§ Directions
From the records that follow, return exactly the lines beginning at the one that contains "报道称,梅花糕的制作流程大约" and ending at the one that contains "Design de padrão", pictures left out.

§ Listed records

********************

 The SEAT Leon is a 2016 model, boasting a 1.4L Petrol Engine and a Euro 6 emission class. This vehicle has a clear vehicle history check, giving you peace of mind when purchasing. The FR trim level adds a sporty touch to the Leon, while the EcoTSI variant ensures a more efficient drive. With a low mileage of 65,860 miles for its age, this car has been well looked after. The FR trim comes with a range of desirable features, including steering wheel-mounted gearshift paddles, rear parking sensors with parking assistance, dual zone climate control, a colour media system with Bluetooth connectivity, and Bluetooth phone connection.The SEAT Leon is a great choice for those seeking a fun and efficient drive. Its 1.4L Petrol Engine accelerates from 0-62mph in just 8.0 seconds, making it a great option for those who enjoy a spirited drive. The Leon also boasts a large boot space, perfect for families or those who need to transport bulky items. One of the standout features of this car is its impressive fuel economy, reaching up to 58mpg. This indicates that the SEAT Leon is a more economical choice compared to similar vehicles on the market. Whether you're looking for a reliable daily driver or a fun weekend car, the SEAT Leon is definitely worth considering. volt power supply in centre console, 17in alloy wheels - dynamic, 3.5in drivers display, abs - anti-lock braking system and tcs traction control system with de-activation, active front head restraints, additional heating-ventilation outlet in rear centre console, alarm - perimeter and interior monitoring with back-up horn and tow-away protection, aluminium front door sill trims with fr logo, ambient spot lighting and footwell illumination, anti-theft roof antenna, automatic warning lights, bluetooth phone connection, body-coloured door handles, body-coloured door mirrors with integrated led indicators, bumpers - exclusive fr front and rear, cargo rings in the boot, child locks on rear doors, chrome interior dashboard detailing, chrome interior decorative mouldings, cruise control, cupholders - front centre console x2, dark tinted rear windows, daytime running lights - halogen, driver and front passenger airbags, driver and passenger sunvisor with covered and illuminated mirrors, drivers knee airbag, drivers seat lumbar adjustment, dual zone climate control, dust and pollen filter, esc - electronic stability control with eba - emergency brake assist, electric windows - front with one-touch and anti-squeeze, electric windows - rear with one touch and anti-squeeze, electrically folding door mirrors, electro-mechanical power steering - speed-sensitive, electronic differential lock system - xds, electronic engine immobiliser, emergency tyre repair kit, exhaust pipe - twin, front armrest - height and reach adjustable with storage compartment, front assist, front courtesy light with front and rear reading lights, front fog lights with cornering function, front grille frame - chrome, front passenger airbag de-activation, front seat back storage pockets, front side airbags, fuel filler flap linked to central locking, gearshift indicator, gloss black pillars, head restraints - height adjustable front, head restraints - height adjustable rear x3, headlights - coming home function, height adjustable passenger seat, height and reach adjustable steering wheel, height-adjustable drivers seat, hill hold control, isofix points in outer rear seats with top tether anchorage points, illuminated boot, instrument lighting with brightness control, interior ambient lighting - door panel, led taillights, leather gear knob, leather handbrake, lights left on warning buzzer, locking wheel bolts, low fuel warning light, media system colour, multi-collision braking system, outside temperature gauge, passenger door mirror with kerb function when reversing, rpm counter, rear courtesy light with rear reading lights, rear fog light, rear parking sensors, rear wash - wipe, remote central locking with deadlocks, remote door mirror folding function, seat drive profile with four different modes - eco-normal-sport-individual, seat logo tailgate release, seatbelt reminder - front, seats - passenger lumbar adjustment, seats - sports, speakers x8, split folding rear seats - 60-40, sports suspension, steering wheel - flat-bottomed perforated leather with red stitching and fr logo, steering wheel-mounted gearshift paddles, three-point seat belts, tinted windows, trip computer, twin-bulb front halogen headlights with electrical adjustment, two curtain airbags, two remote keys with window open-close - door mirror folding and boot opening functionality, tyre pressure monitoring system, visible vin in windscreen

********************

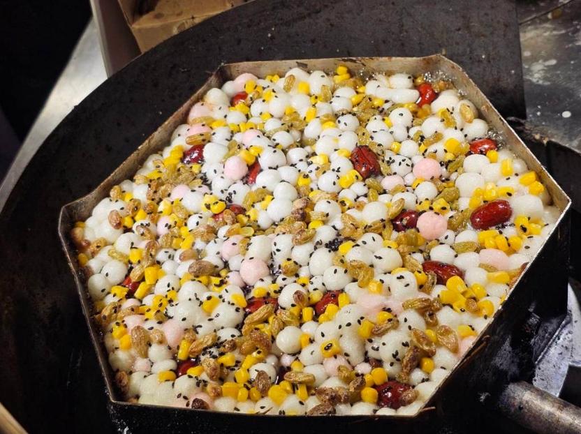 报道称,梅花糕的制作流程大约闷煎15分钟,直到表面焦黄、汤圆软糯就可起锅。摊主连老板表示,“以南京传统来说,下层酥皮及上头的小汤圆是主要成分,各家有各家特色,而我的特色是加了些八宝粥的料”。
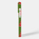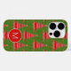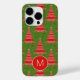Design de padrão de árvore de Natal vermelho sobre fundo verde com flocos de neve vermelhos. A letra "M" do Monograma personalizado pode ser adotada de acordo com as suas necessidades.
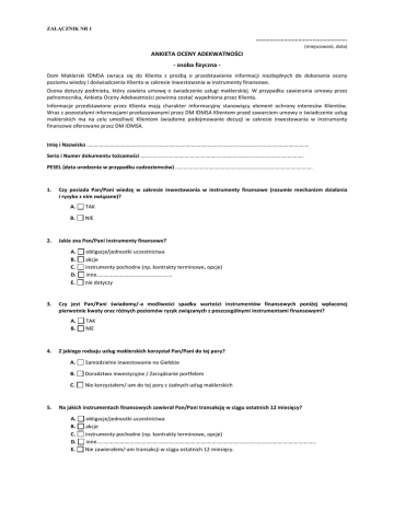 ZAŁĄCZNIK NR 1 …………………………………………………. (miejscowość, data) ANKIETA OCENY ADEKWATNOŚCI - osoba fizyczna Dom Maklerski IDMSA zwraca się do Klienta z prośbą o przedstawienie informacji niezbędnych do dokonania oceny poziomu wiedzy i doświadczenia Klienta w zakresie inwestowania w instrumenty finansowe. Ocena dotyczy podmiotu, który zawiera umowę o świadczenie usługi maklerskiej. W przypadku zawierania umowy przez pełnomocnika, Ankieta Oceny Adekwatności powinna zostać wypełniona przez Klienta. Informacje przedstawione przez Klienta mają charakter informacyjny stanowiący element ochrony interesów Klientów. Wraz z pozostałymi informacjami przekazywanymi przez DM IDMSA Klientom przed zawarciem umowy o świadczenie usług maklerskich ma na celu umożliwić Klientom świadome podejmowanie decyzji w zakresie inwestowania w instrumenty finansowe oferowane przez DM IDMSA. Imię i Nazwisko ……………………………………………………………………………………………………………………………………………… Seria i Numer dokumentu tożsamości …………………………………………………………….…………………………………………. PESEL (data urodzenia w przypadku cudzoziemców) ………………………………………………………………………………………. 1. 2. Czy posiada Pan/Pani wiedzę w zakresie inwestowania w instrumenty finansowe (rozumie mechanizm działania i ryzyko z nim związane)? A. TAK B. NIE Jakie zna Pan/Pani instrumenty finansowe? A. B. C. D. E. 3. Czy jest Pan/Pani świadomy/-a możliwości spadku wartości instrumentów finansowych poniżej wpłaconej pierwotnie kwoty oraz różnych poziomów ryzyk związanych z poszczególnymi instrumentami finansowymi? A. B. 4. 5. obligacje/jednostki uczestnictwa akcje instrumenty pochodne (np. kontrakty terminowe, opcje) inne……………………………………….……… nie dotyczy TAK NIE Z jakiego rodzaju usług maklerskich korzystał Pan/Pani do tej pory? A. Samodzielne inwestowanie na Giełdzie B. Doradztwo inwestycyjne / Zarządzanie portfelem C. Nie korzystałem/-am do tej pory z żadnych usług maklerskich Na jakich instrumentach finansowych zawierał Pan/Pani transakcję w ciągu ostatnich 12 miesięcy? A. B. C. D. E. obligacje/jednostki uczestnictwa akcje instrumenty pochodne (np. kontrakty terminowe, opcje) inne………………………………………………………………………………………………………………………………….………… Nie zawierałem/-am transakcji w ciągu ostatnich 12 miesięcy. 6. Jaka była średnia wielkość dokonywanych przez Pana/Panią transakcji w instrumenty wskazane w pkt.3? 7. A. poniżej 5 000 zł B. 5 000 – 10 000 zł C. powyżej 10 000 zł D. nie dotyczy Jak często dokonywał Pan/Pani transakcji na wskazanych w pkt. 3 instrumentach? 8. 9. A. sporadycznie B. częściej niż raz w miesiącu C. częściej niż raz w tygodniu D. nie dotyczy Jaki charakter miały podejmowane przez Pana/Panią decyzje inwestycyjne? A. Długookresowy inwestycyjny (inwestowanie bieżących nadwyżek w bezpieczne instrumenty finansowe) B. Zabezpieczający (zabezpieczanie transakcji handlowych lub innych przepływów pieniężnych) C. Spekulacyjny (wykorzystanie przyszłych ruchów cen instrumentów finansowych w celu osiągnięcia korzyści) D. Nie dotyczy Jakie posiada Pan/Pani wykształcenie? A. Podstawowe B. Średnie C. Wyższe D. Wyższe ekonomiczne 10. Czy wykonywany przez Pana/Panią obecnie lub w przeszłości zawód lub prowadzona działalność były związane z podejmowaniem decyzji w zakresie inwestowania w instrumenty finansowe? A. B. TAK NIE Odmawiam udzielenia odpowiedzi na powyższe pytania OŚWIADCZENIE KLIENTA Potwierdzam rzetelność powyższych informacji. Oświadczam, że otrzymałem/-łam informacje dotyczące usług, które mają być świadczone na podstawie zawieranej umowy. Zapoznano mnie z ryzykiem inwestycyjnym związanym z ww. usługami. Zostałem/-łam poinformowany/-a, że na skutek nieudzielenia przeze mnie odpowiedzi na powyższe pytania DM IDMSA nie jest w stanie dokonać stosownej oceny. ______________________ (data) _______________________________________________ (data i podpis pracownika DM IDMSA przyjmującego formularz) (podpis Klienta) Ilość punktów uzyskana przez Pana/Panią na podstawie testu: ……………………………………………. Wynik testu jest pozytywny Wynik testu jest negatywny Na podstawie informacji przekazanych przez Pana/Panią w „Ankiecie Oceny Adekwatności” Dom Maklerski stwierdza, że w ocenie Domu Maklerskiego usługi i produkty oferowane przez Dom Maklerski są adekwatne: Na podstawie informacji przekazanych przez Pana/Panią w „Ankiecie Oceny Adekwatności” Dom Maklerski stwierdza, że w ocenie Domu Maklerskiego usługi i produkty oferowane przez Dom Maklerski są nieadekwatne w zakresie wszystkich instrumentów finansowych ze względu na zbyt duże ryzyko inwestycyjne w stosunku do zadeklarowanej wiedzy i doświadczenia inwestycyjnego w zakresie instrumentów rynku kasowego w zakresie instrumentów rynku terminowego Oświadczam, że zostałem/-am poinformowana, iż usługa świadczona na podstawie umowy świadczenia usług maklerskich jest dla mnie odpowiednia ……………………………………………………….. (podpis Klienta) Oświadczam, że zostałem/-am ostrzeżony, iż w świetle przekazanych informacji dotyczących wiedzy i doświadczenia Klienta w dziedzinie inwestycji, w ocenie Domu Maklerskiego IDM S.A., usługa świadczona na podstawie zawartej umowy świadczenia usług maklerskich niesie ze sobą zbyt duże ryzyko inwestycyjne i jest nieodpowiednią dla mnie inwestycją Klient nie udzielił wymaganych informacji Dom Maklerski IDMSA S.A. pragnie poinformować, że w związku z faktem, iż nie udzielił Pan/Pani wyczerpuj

********************

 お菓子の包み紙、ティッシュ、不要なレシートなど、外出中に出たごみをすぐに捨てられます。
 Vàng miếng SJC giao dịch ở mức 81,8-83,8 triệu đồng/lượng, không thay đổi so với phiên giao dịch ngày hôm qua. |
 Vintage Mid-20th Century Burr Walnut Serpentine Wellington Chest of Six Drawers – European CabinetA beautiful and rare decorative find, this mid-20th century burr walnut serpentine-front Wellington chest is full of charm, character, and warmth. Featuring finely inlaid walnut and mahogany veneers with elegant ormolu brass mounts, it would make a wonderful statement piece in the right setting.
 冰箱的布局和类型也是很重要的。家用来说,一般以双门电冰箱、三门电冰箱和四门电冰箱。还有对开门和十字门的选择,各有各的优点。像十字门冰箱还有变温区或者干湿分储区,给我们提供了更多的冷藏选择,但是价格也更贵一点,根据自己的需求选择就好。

********************

§ Answer to the exercise
 报道称,梅花糕的制作流程大约闷煎15分钟,直到表面焦黄、汤圆软糯就可起锅。摊主连老板表示,“以南京传统来说,下层酥皮及上头的小汤圆是主要成分,各家有各家特色,而我的特色是加了些八宝粥的料”。
Design de padrão de árvore de Natal vermelho sobre fundo verde com flocos de neve vermelhos. A letra "M" do Monograma personalizado pode ser adotada de acordo com as suas necessidades.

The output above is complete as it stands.